Push Recovery & Robust Balance

Making the G1 robust to external pushes and maintaining balance during all activities — the "always-on" stability layer.

1. Push Recovery Strategies

When a humanoid is pushed, it can respond with progressively more aggressive strategies depending on perturbation magnitude: [T1 — Established biomechanics/robotics]

Ankle Strategy (Small Perturbations)

Mechanism: Ankle torque adjusts center of pressure (CoP) within the foot
Range: Small pushes that don't move CoM outside the foot support area
Speed: Fastest response (~50ms)
G1 applicability: Yes — G1 has ankle pitch and roll joints [T1]
Limitation: Only works for small perturbations; foot must remain flat

Hip Strategy (Medium Perturbations)

Mechanism: Rapid hip flexion/extension shifts CoM back over support
Range: Pushes that exceed ankle authority but don't require stepping
Speed: Medium (~100-200ms)
G1 applicability: Yes — G1 hip has 3 DOF with ±154° pitch [T1]
Often combined with: Upper body countermotion (arms swing opposite to push direction)

Stepping Strategy (Large Perturbations)

Mechanism: Take a recovery step to create a new support polygon under the shifted CoM
Range: Large pushes where CoM exits current support polygon
Speed: Slowest (~300-500ms, must plan and execute step)
G1 applicability: Yes — requires whole-body coordination [T1]
Most complex: Needs free space to step into, foot placement planning

Combined/Learned Strategy

Modern RL-based controllers learn a blended strategy that seamlessly transitions between ankle, hip, and stepping responses based on perturbation magnitude. This is the approach used by the G1's stock controller and by research push-recovery policies. [T1]

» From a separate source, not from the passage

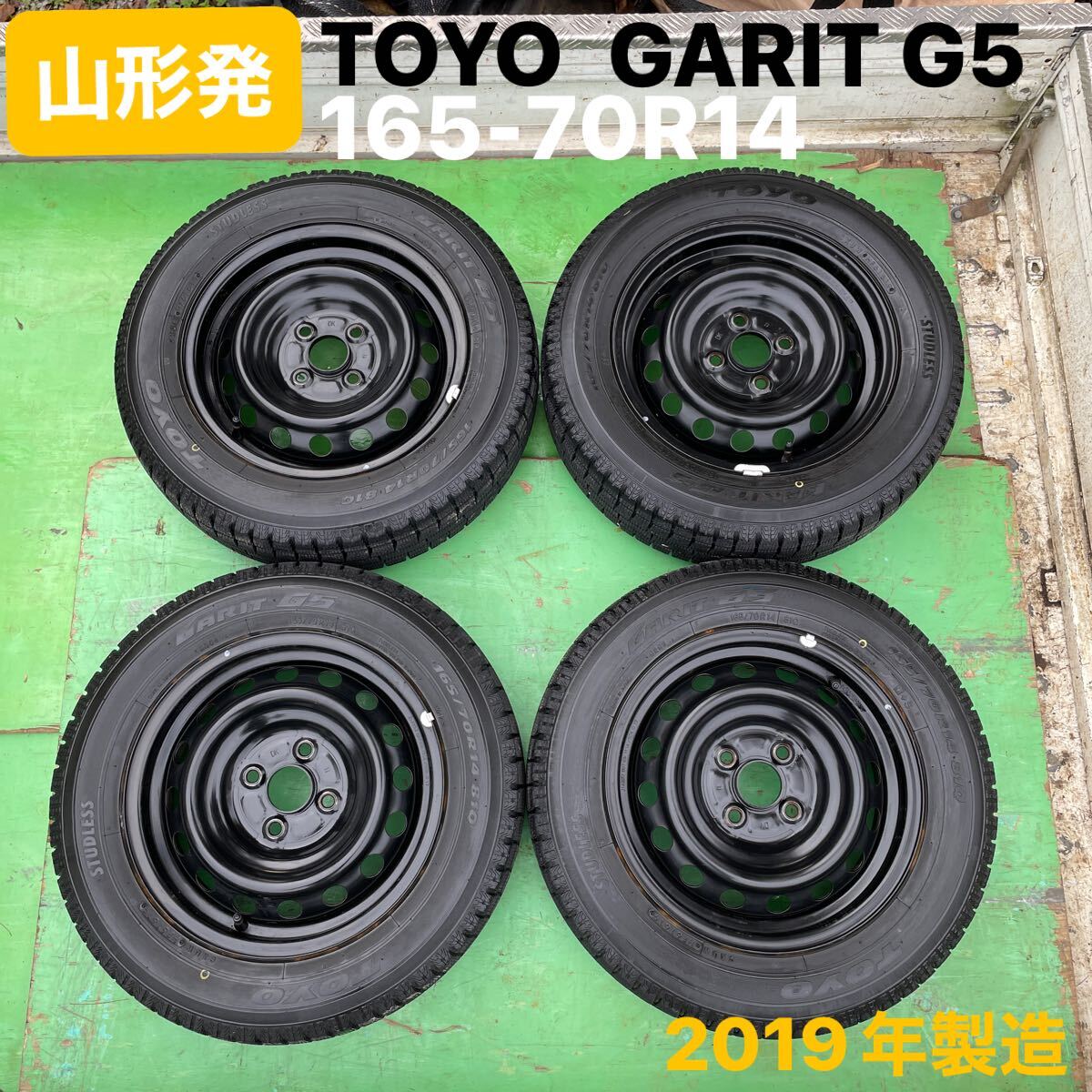 > 山形発☆7,980円激安商品☆Toyo/GARIT G5/165-70R14/鉄ホイール付/年式:2019年/タイヤ溝:7〜8分山/STUDLESS/4穴/発送引取OK/

2. What the Stock Controller Already Does

The G1's proprietary RL-based locomotion controller (running on the locomotion computer at 192.168.123.161) already handles basic push recovery: [T1]

Light push recovery during standing and walking — confirmed in arXiv:2505.20619
Gait-conditioned policy implicitly learns balance through training
500 Hz control loop provides fast response to perturbations

However, the stock controller's push recovery limits are not documented. Key unknowns:

Maximum recoverable impulse (N·s) during standing
Maximum recoverable impulse during walking
Whether it uses stepping recovery or only ankle/hip strategies
How it performs when the upper body is doing something unexpected (e.g., mocap)

3. Enhancing Push Recovery

3a. Perturbation Curriculum Training

The most validated approach: train an RL policy in simulation with random external forces applied during training. [T1 — Multiple G1 papers]

Training Loop (in sim):
1. Run locomotion policy
2. At random intervals, apply external force to robot torso
   - Direction: random (forward, backward, lateral)
   - Magnitude: curriculum (start small, increase as policy improves)
   - Duration: 0.1-0.5s impulse
3. Reward: stay upright, track velocity command, minimize energy
4. Penalty: falling, excessive joint acceleration

Key papers validated on G1:

Paper	Approach	Validated?	Key Finding
arXiv:2505.20619	Gait-conditioned RL with perturbations	Yes (real G1)	Push robustness during walking
arXiv:2511.07407	Unified fall prevention + mitigation + recovery	Yes (zero-shot)	Combined strategy from sparse demos
arXiv:2502.12152	Two-stage recovery (supine + prone)	Yes (real G1)	Get-up after falling
arXiv:2502.08378	HoST multi-critic RL	Yes (real G1)	Diverse posture recovery

Perturbation Curriculum Parameters (Typical)

Parameter	Start	End	Notes
Max force (N)	20	100-200	Ramp over training
Force duration (s)	0.1	0.5	Short impulses to sustained pushes
Direction	Forward only	Omnidirectional	Add lateral/backward progressively
Frequency	Rare (every 10s)	Frequent (every 2s)	Increase as policy improves
Application point	Torso center	Random (torso, shoulders)	Vary to generalize

[T2 — Ranges from research papers, not G1-specific tuning]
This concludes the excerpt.